Terms & Conditions

STANDARD CONDITIONS OF SALE: SUBLIVA UK

1. CORE TERMS & SCOPE

1.1 The Company: Refers to Subliva UK – a trading name of Great Wall Group Ltd (Company No: 11716894) 

1.2 The Buyer: Refers to the business entity or professional trader purchasing products from the Company.

1.3 Contractual Superiority: These Conditions govern every transaction. No alternative terms proposed by the Buyer shall have any legal standing unless the Company provides explicit written validation.

1.4 B2B Declaration: The Buyer confirms they are acting for purposes related to their trade. The protections of the Consumer Rights Act 2015 are expressly excluded.

2. PRODUCT REPRESENTATION & VERIFICATION

2.1 Marketing Materials: Any catalogues or digital imagery are for general guidance only and do not constitute a strict "sale by description."

2.2 Bulk vs. Sample: The Buyer acknowledges that in the production of glassware and ceramics, minor aesthetic deviations from a sample may occur and do not represent a breach of quality standards.

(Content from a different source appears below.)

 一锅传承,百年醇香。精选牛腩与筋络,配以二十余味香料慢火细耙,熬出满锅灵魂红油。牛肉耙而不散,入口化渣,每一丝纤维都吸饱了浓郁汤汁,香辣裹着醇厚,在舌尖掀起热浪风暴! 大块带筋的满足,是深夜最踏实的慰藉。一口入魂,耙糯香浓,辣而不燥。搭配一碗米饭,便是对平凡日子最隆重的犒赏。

3. FINANCIAL OBLIGATIONS & PAYMENTS

3.1 Tax: Prices exclude VAT, applied at the statutory rate at the time of invoicing.

3.2 Settlement Period: Unless agreed otherwise, all invoices must be cleared within 30 days following the end of the month of the invoice date.

3.3 Payment Integrity: The Buyer is prohibited from reducing their payment through "set-off," "back-charges," or "withholding."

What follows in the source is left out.